John B. Dos Passos, an authority on stock exchange law, says: "The next statute passed in the reign of James the First, more than 300 years later (1604) regulates the calling of Brokers with greater detail than the first act and clearly shows, by the use of the words 'merchandise and wares' that down to this period the Broker in money, stock, and funds had no legal existence. . . It was not until the latter part of the seventeenth century, when the East India Company came prominently before the public, that trading or speculating in stock became an established business in England; and the term 'Broker,' which had then a well-understood meaning was promptly transferred to those persons who were employed to buy or sell stocks or shares, and who thenceforth became known as 'stock-brokers.'"
In 1697 owing to the "unjust practices and designs" of Brokers and Stock-jobbers in selling tallies, bank stock, bank bills, shares and interest in joint stock, a stringent act was passed permitting only sworn appointees to act as Brokers. In the reigns of William Ill., Anne and George, statutes were passed regulating the practice and trade of Brokers.
An early legal writer describing Stockbrokers, said: "Stockbrokers are persons who confine their transactions to the buying and selling of property in the public funds and other securities for money, and they are employed by the proprietors or holders of the said securities. Of late years, owing to the prodigious increase of the funded debt of the nation, commonly called the stock, they are become a very numerous and considerable body, and have built by subscription, a room near the Bank, wherein they meet to transact business with their principals, and with each other; and to prepare and settle their proceedings before they go to the transfer-offices at the Bank, the South Sea and India houses, thereby preventing a great deal of confusion at the public offices, where the concourse of people is so great during the hours of transferring stock that if the business was not prepared beforehand it would be impossible to transact it within the given time."

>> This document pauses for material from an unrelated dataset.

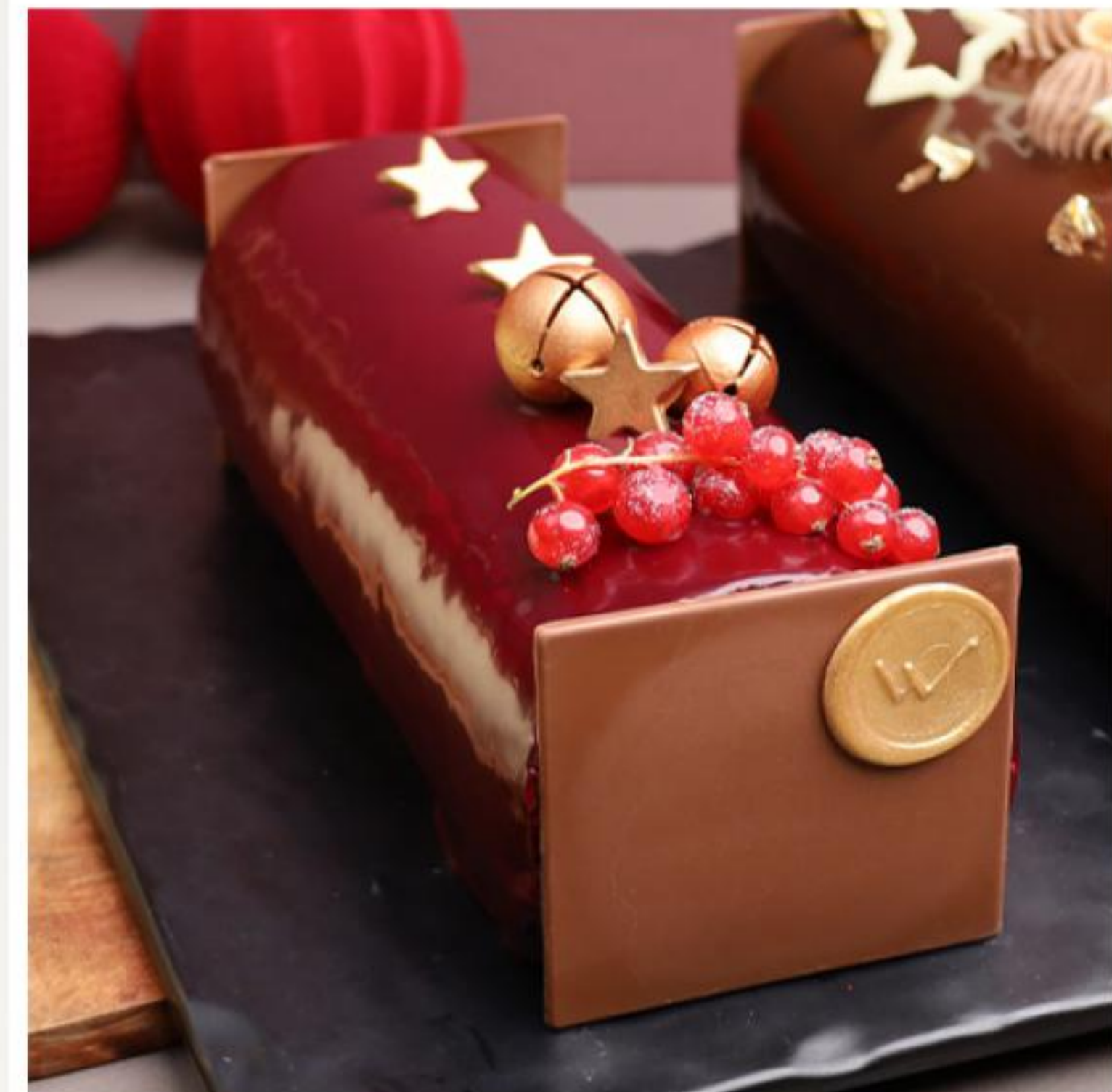
CHOCOLATE RASPBERRY BRANCH €20.00

Chocolate Omelette (Sponge Cake), White Fresh Cream, Praline, Crispy Biscuit.

The advantage of having a Broker as an intermediary was recognized by merchants many centuries ago. A sixteenth century writer on the law says: "It is an old proverb, and very true, that between what you will buy? and what you will sell? there is twenty in the hundred differing in the price, which is the cause that all the nations do more effect to sell their commodities with reputation by means of Brokers than we do; for that which seems to be gotten thereby is more than double lost another way. Besides, that by that course many differences are prevented which arise between man and man in their bargains or verbal contracts; for the testimony of a sworn Broker and his book together is sufficient to end the same."
Dealings in Stock certificates constitute the main business of Stock-brokers, but the origin of stock certificates has not been satisfactorily traced beyond the middle of the seventeenth century. Property in this form was not known to the ancient law. While mercantile or commercial corporations existed among the Romans, history gives us no information regarding their character or methods of conduct.
Ang. & Ames on Corporations (10th ed.) Ch. 18, Sec. 26, says: "A Collegium Mercatorum existed at Rome 493 B. C, but the modern bourse from the Latin bursa, a purse, originated about the fifteenth century. Bourges and Amsterdam contend for the honor of having erected the first bourse."